Drake tried to put a hand down to break his fall but still rapped his knee hard when he struck the ground. He grimaced, sucking air between his teeth, and got up slowly, massaging the same knee Sully had been nursing a minute before.

“You’re no Bruce Lee,” Sully muttered.

“I got the damn door open,” Drake countered, dusting off his trousers.

“Do you two ever not bicker like children?” Jada asked.

Drake and Sully exchanged a look, and then both of them grinned.

“Not really,” Sully said.

“It’s always his fault,” Drake said. “I’m innocent.”

Sully rolled his eyes. “How is it I’ve let you tag along with me so many times over the years?” he asked, stepping through the wreckage of the door, shining his flashlight around a room that had been closed up for more than half a century.

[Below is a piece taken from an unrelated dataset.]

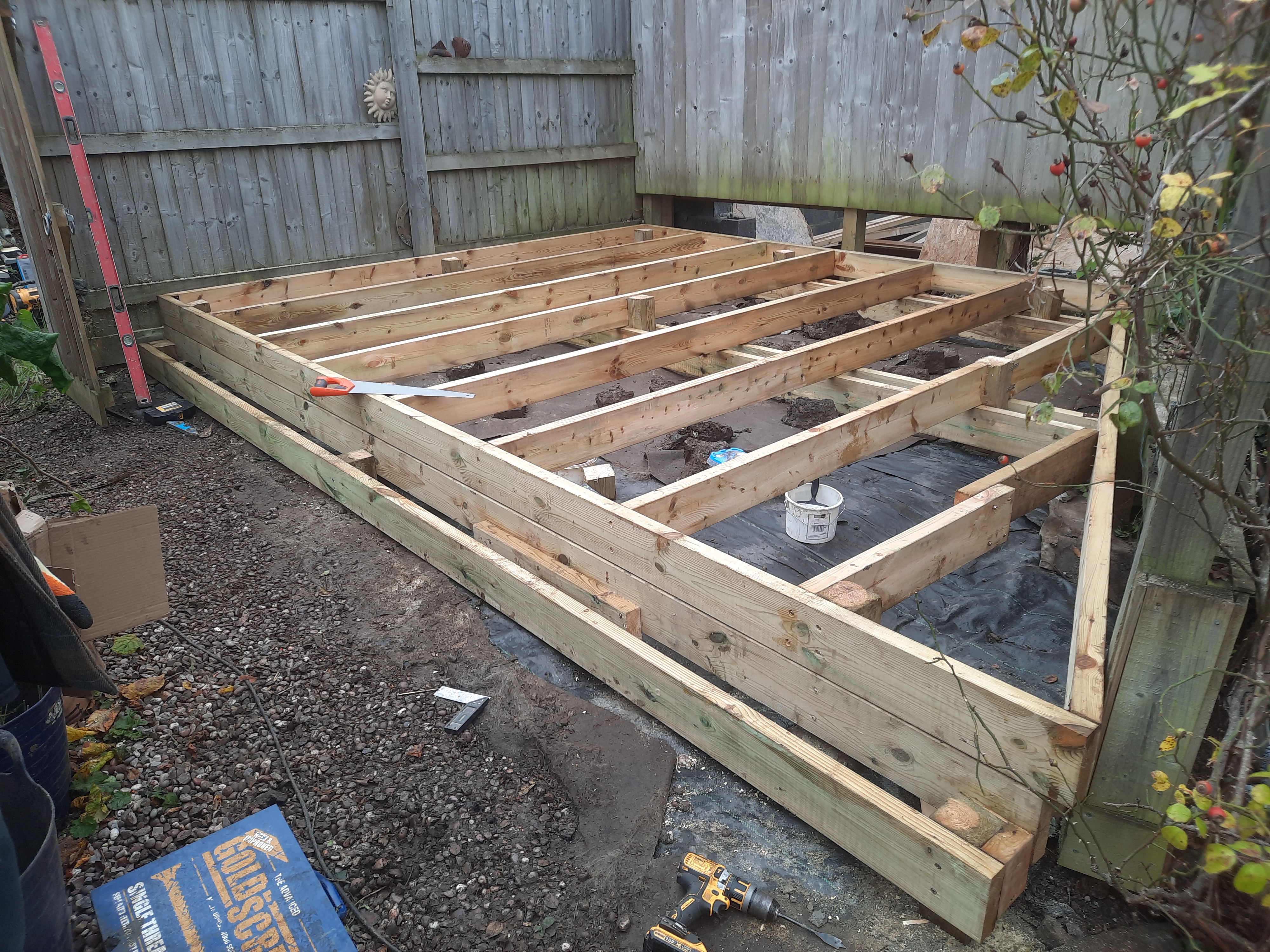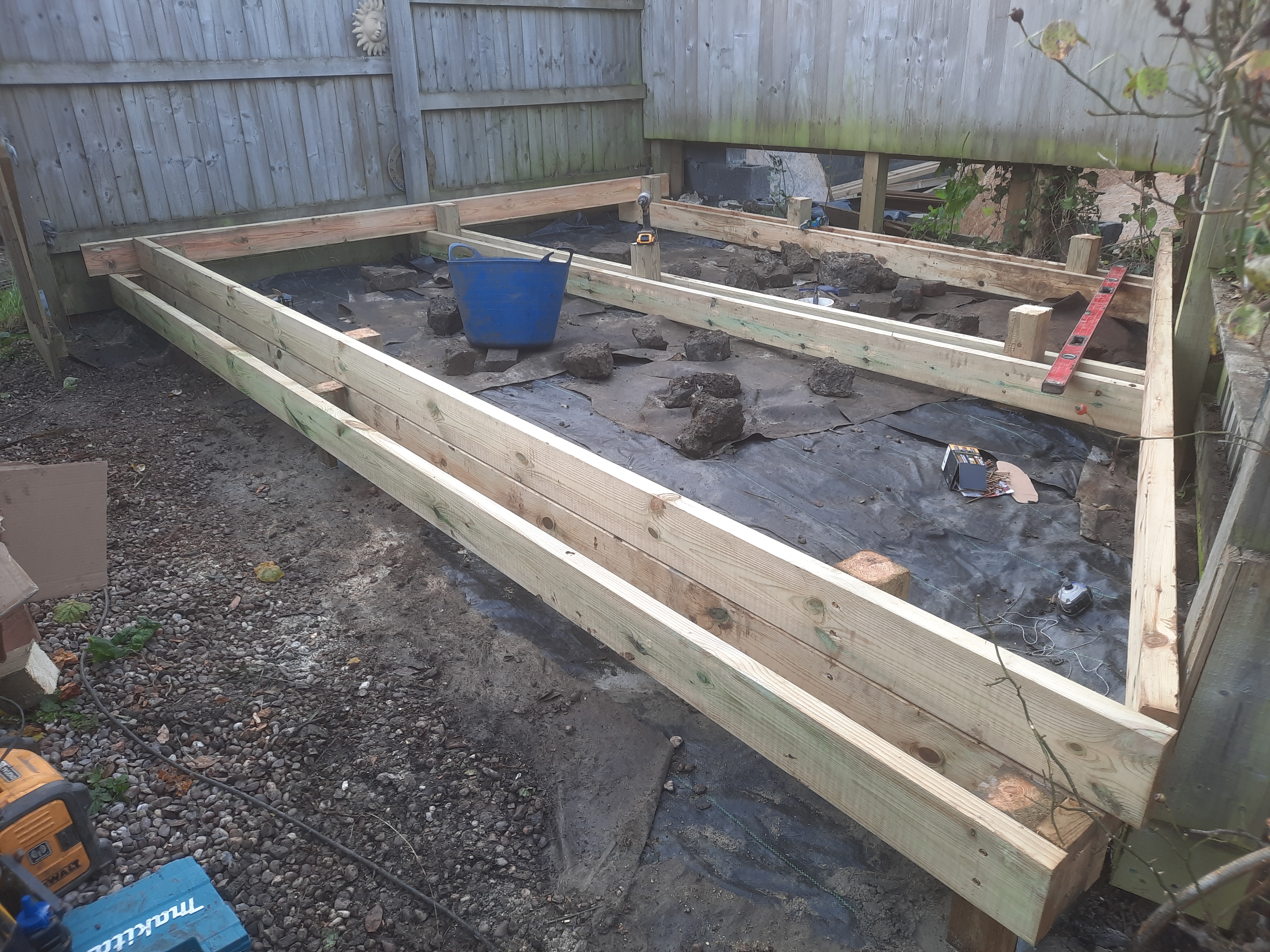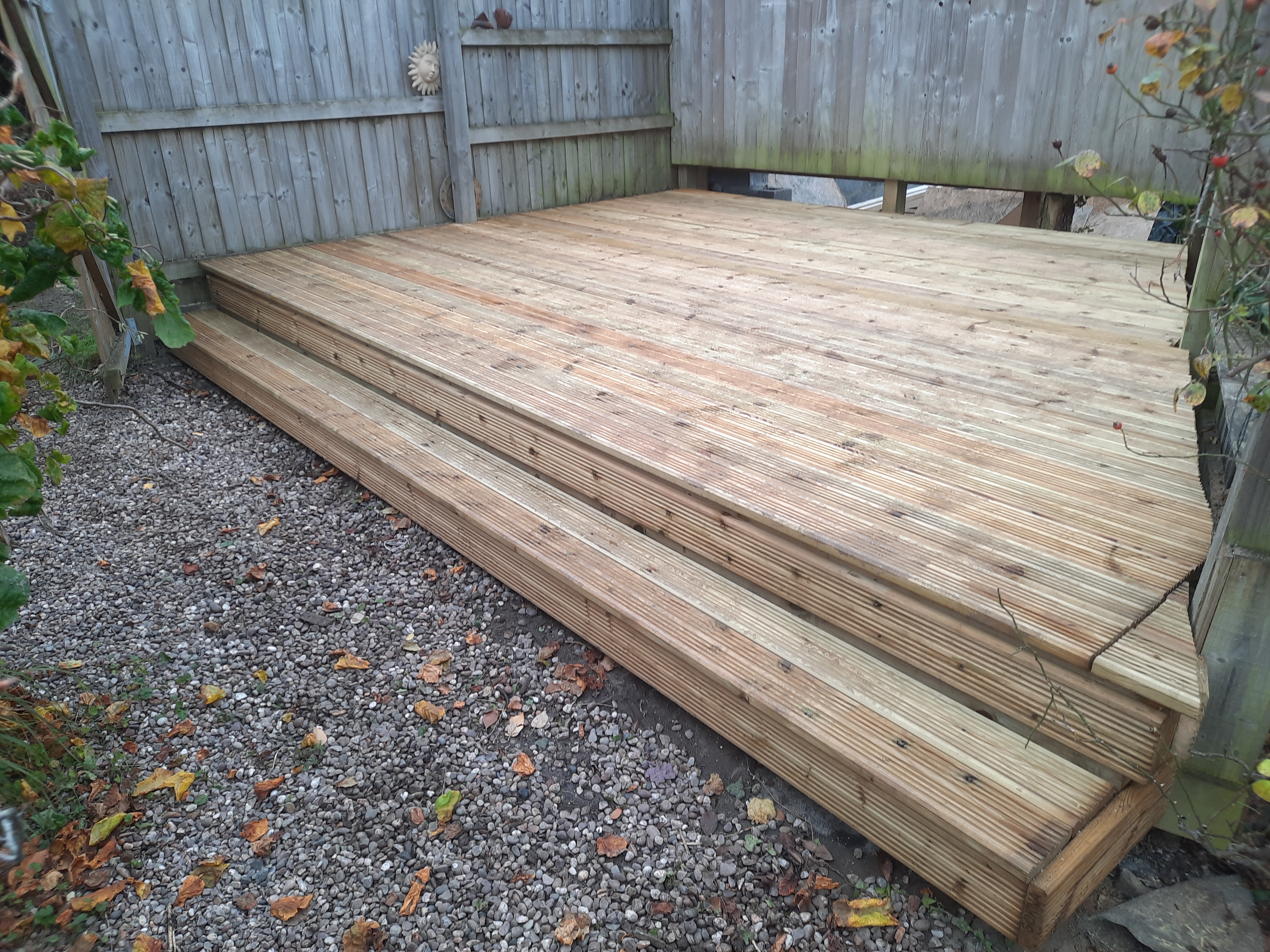 Hardwood decking was investigated, but decided against due to concerns with sustainability and high cost. We opted for high grade tanalised softwood, which was treated with an additional preservative before installation. Additionally, brackets were used to keep all timber parts above ground to minimse rot.

“You? I’m the one who lets you tag along. But that’s going to change, trust me. Grumpy old man with stinky cigars.”

“Enough with the cigars,” Sully called back to them, his voice echoing off the walls of what seemed like a fairly large room.

“I agree,” Jada whispered to Drake. “Enough with the cigars.”

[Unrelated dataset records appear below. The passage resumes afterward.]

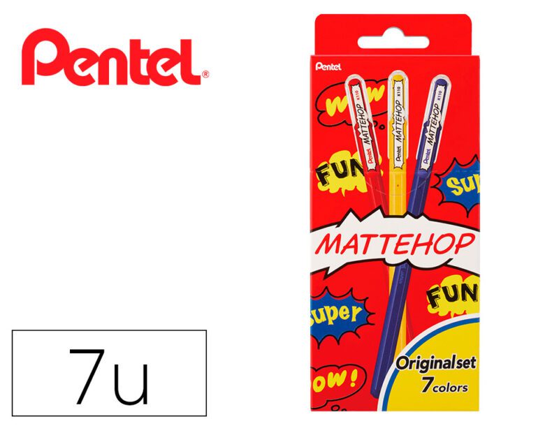 Roller gel Pentel K110 Mattehop, conjunto de 7 cores originais.
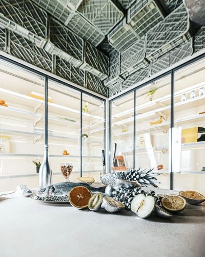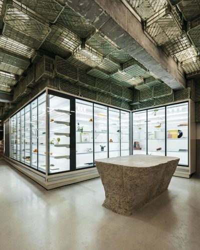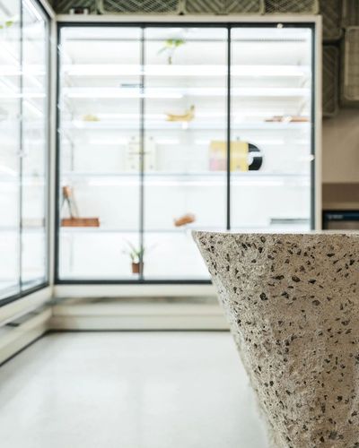 这些塑料盒不仅具有美学价值,还具有实际功能:它们内部装有LED照明系统、隐藏式的通风装置以及雨水收集系统。超市的内部设计同样延续了极简主义的风格。钢制货架与抛光混凝土地面相搭配,收银台则被设计成了具有雕塑美感的结构。间接照明巧妙地突出了精心挑选的商品,使每件商品都能在自身投射出的阴影中显得格外醒目。
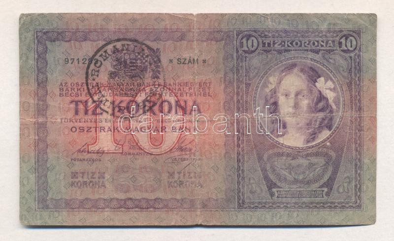 1904. 10K román körbélyegzővel T:IV https://www.darabanth.com/hu/172-Gyorsarveres/172.0/Numizmatika/Magyar-es-magyar-vonatkozasu-bankjegyek~5000105/1904-10K-roman-korbelyegzovel-TIV~II587834
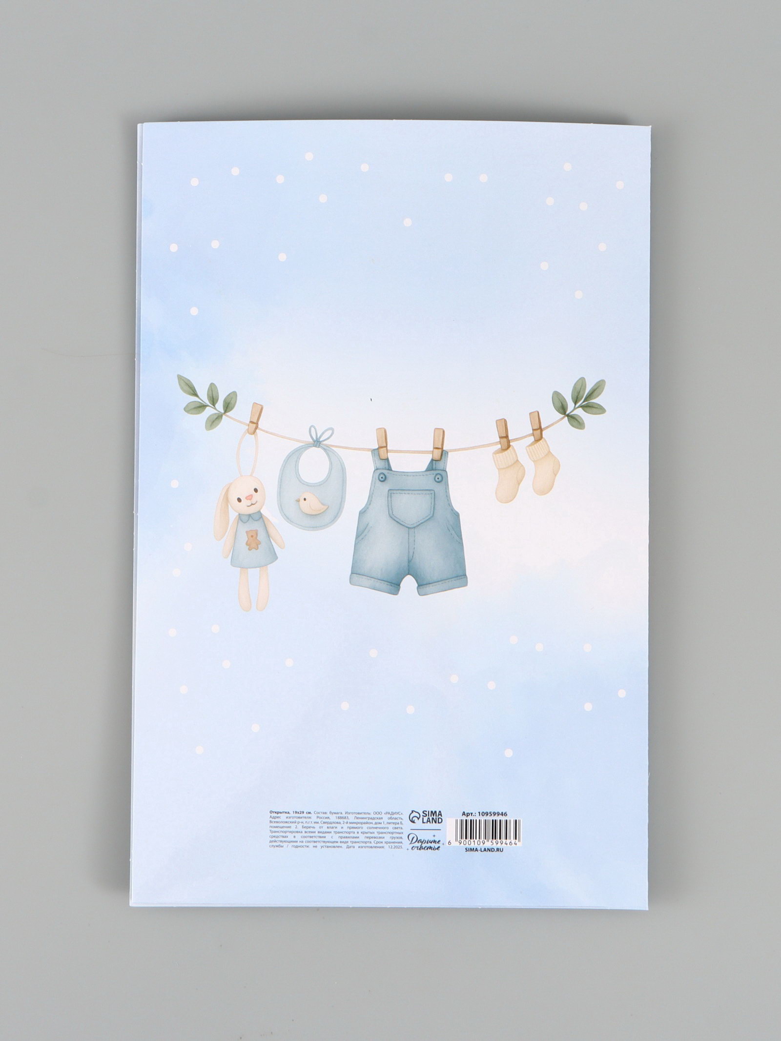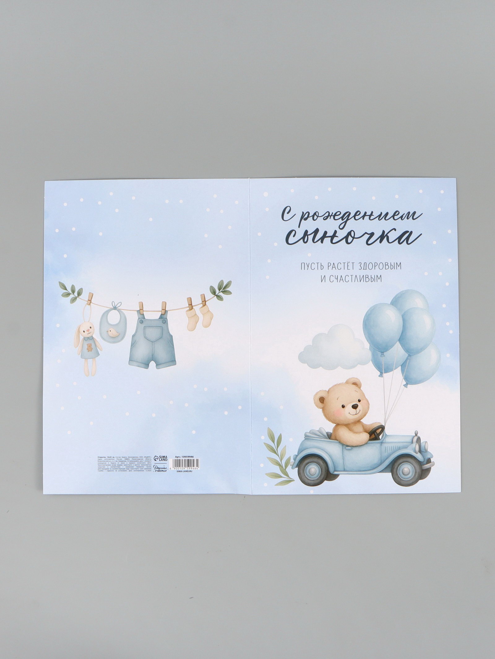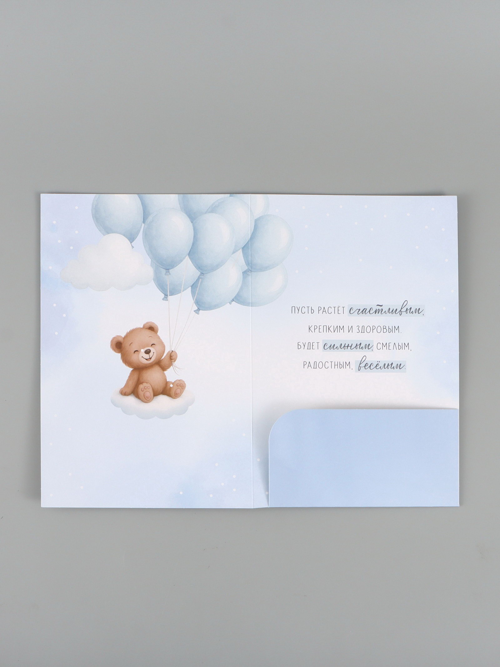 Открытка поздравительная с карманом для денег "С рождением сыночка", 19 x 29 см, Дарите Счастье, Россия
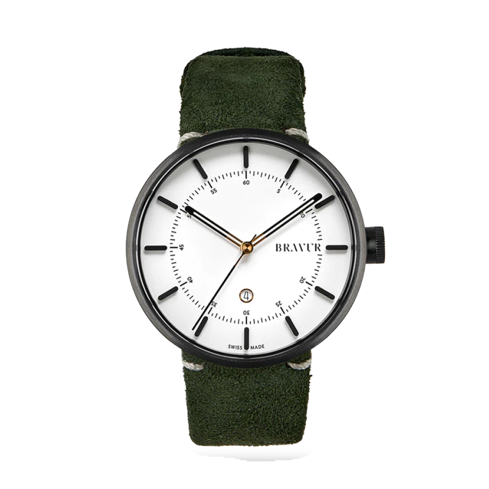 Bravur | BW002 - Black PVD / Olive Suede Leather
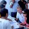 Actress Preity Zinta and cricketer Brett Lee selling IPL match's tickets to young cricket lovers at PCA stadium Mohali on Saturday, April 12, 2008. (PTI Photo)
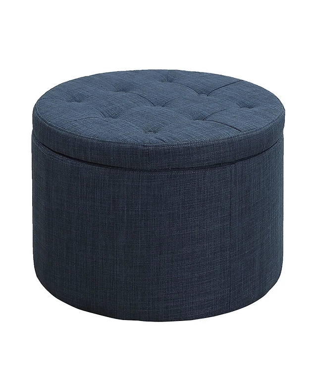 Streamdale Navy Blue Linen Tufted Ottoman w/ Wood Frame & Shelf

“I heard that,” Sully said.

“Good,” she shot back.

Jada handed the gun back to Drake, who returned it to his waistband as they followed Sully through the shattered door. As they passed over the threshold, Drake looked up at the buckled frame. He said nothing to Jada, but he didn’t like the look of it. The split door had been acting as a massive support beam, just as she had feared. Grit sifted down from cracks in the stone above the ruptured wooden frame. But it was only a single room and the last one open to them. If they left without examining it, they would always wonder.

“Suddenly I’m thirsty,” Sully said, waving his flashlight around.